**What you need to do**: For the listing below, output exactly the lines from the line with "15 अगस्त से" up to and including the line with "Περισσότερη αλληλεγγύη για", and no other lines.

**Records for the exercise**:
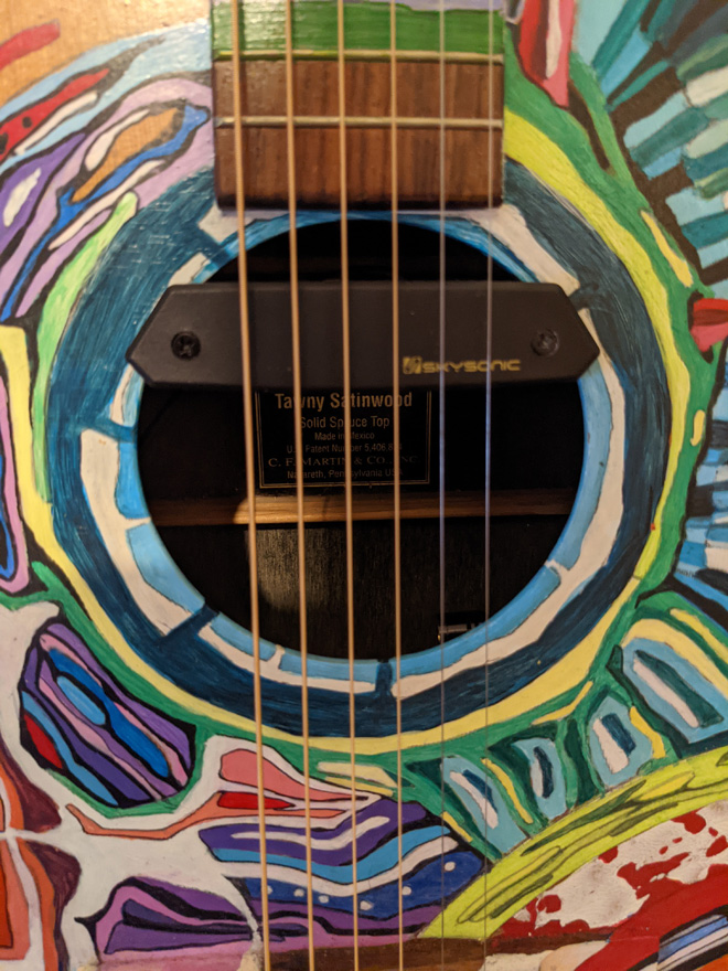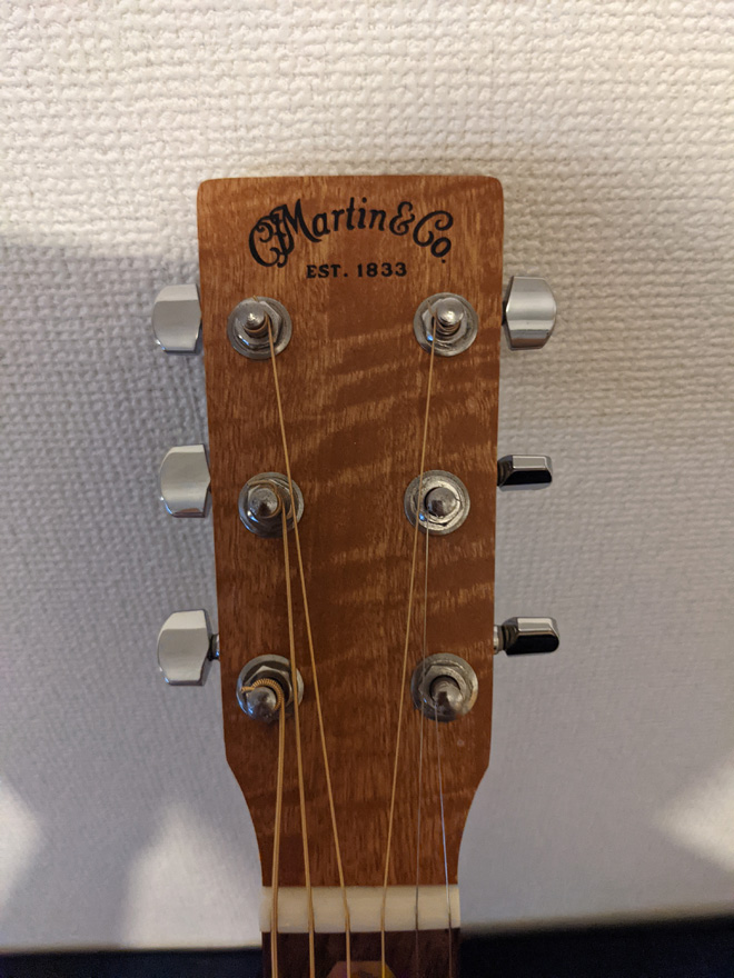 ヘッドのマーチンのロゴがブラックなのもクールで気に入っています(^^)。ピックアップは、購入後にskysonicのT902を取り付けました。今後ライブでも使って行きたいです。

==

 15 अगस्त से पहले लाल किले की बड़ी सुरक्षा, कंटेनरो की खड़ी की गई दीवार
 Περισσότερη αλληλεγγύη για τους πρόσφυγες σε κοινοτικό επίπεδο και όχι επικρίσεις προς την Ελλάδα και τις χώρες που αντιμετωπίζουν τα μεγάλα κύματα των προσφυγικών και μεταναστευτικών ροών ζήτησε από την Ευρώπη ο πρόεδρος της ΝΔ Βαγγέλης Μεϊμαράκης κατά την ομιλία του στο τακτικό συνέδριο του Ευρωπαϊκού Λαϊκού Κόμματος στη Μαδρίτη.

--

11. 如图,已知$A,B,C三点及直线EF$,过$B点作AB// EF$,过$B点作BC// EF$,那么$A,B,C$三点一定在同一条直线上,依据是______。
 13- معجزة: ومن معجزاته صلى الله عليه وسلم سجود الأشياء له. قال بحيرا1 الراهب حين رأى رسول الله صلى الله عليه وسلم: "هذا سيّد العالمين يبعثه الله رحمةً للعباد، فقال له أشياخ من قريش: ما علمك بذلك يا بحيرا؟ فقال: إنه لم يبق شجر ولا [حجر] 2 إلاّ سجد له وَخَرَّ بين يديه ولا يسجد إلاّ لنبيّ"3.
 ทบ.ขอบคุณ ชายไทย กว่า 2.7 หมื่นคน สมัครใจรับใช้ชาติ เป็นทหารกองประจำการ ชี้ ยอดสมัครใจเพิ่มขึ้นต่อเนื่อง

**Response to this task**:
 15 अगस्त से पहले लाल किले की बड़ी सुरक्षा, कंटेनरो की खड़ी की गई दीवार
 Περισσότερη αλληλεγγύη για τους πρόσφυγες σε κοινοτικό επίπεδο και όχι επικρίσεις προς την Ελλάδα και τις χώρες που αντιμετωπίζουν τα μεγάλα κύματα των προσφυγικών και μεταναστευτικών ροών ζήτησε από την Ευρώπη ο πρόεδρος της ΝΔ Βαγγέλης Μεϊμαράκης κατά την ομιλία του στο τακτικό συνέδριο του Ευρωπαϊκού Λαϊκού Κόμματος στη Μαδρίτη.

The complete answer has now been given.